Doi : 10.1016/j.ajic.2015.09.012 
Bryson M. Duhon, PharmD, BCPS a, b, c, Elizabeth O. Hand, PharmD, BCPS a, b, c, Crystal K. Howell, PharmD a, b, Kelly R. Reveles, PharmD, PhD, BCPS a, b,
a Pharmacotherapy Division, College of Pharmacy, The University of Texas at Austin, Austin, TX 
b Pharmacotherapy Education and Research Center, The University of Texas Health Science Center at San Antonio, San Antonio, TX 
c University Health System, San Antonio, TX 

Address correspondence to Kelly R. Reveles, PharmD, PhD, BCPS, The University of Texas Health Science Center at San Antonio, Pharmacotherapy Education and Research Center, 7703 Floyd Curl Dr, MSC-6220, San Antonio, TX, 78229-3900.

Abstract

Background

The prevalence of diabetes has increased over the last 2 decades; however, the national incidence of diabetic foot infections (DFIs) in the United States is unknown. We sought to determine national trends in DFIs among hospitalized adults in the United States over 15 years.

Methods

This was a retrospective cohort study of the U.S. National Hospital Discharge Survey from 1996-2010. Adult patients with a principal diagnosis of foot infection and a secondary diagnosis of diabetes were identified using ICD-9-CM codes. Incidence was defined as DFI discharges per 100 diabetes discharges. Independent risk factors for DFI among diabetics were identified using multivariable logistic regression.

Results

These data represent 1,059,552 DFI discharges over the study period. The incidence of DFI decreased from 1996 (2.3 DFIs/100 diabetes discharges) to 2010 (1.1 DFI/100 diabetes discharges). The proportion of patients experiencing lower-extremity amputation declined from 33.2% in 1996 to 17.1% in 2010. Peripheral vascular disease (odds ratio [OR], 2.89; 95% confidence interval [CI], 2.87-2.91), peripheral neuropathy (OR, 2.62; 95% CI, 2.60-2.64), and male sex (OR, 1.67; 95% CI, 1.66-1.68) were the leading risk factors for DFI.

Conclusion

The incidence of DFI among hospitalized adults in the United States declined by more than half from 1996-2010.
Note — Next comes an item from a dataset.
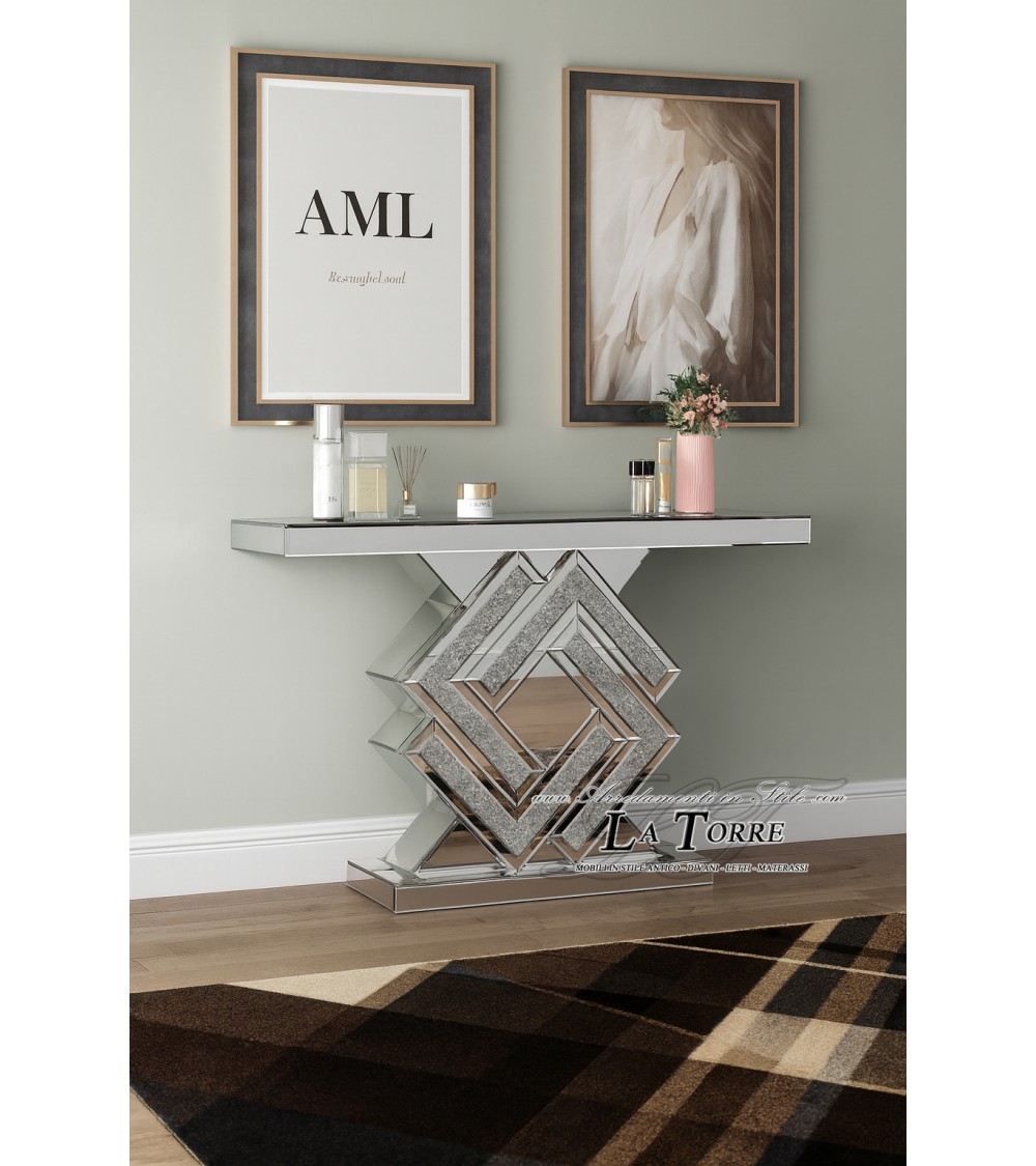 Consolle Specchiata Moderna con Dettagli Swarovski e Design Geometrico di Lusso per Ingresso CBFE55A

Le texte complet de cet article est disponible en PDF.

Highlights

We compared national trends of diabetic foot infection in the United States.
We identified independent risk factors for diabetic foot infection in discharged diabetic adults.
Diabetic foot infection incidence among hospitalized adults declined from 1996-2010.
Complications, including amputation, in hospitalized adults declined among diabetic foot infection adults.

Le texte complet de cet article est disponible en PDF.

Key Words : Diabetic foot infection, Diabetes, Epidemiology, Amputation, Mortality


Plan


 Funding/Support: No financial support was provided for the conduct of this study. D Reveles is supported by the National Institutes of Health/National Center for Advancing Translational Science Loan Repayment Program (1 L30 TR000604-01).
 Conflicts of interest: None to report.


© 2016  Association for Professionals in Infection Control and Epidemiology, Inc.. Publié par Elsevier Masson SAS. Tous droits réservés.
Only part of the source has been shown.